> Records from a data source:
┄┄┄┄┄┄┄┄┄┄

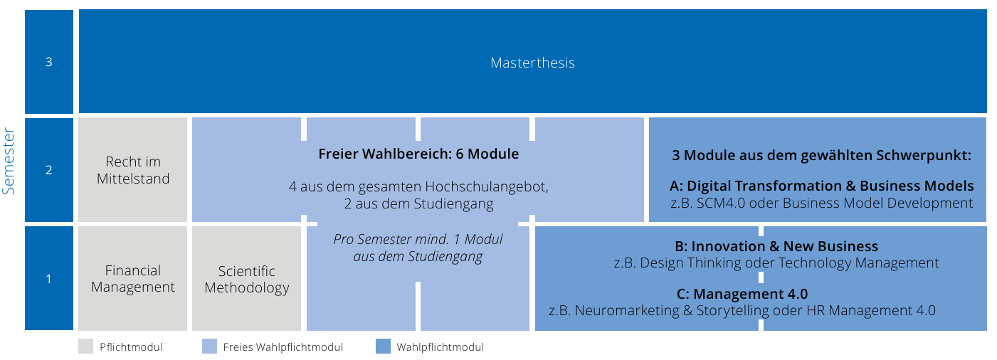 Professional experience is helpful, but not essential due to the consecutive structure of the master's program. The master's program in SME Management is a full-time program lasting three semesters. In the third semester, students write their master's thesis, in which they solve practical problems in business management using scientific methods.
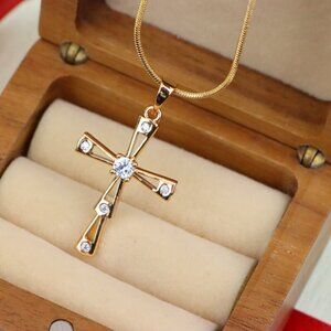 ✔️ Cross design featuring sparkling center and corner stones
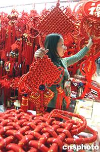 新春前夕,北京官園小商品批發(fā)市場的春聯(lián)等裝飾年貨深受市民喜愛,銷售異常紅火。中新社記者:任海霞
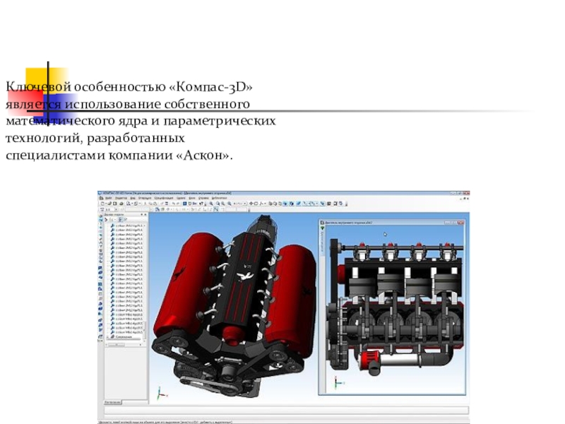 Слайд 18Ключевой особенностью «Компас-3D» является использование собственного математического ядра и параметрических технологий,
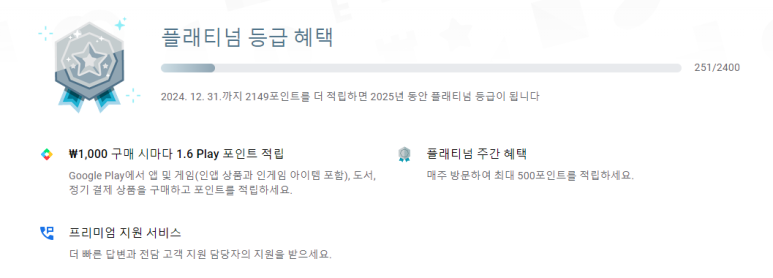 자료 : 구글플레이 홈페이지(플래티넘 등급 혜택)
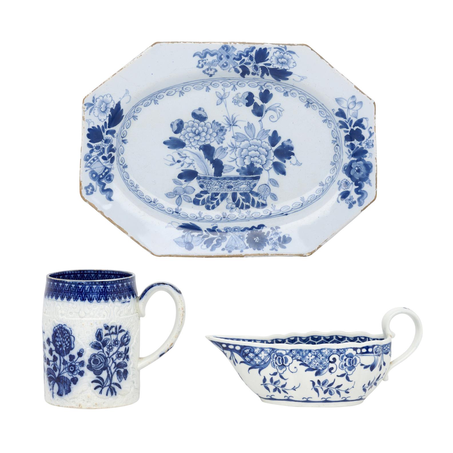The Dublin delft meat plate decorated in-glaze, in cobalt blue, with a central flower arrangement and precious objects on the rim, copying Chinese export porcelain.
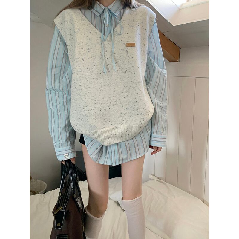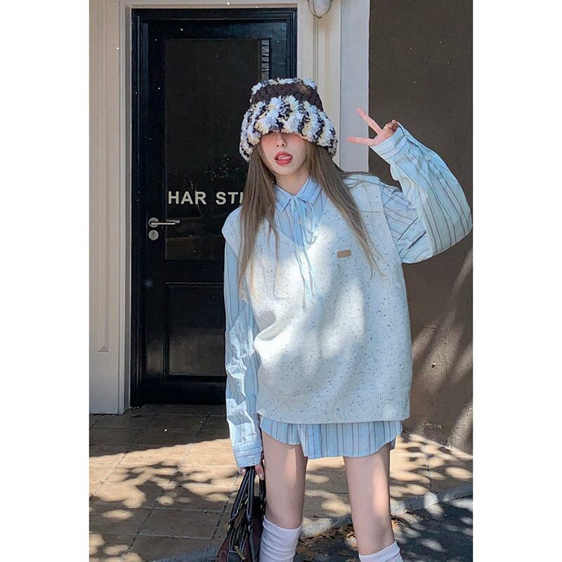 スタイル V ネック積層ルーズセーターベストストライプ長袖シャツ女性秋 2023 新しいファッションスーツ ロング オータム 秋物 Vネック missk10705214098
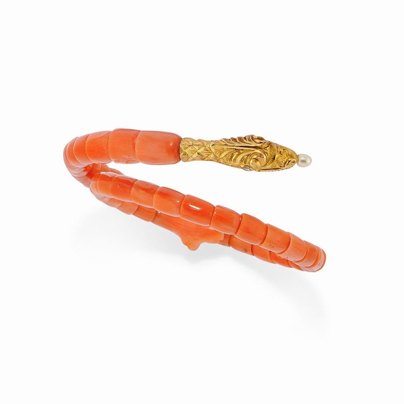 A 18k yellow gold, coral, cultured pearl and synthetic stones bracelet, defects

┄┄┄┄┄┄┄┄┄┄

> Problem:
Keep the pictures out of your copy, and repeat every entry above exactly.

> Finished exercise:
 Professional experience is helpful, but not essential due to the consecutive structure of the master's program. The master's program in SME Management is a full-time program lasting three semesters. In the third semester, students write their master's thesis, in which they solve practical problems in business management using scientific methods.
 ✔️ Cross design featuring sparkling center and corner stones
 新春前夕,北京官園小商品批發(fā)市場的春聯(lián)等裝飾年貨深受市民喜愛,銷售異常紅火。中新社記者:任海霞
 Слайд 18Ключевой особенностью «Компас-3D» является использование собственного математического ядра и параметрических технологий,
 자료 : 구글플레이 홈페이지(플래티넘 등급 혜택)
The Dublin delft meat plate decorated in-glaze, in cobalt blue, with a central flower arrangement and precious objects on the rim, copying Chinese export porcelain.
 スタイル V ネック積層ルーズセーターベストストライプ長袖シャツ女性秋 2023 新しいファッションスーツ ロング オータム 秋物 Vネック missk10705214098
 A 18k yellow gold, coral, cultured pearl and synthetic stones bracelet, defects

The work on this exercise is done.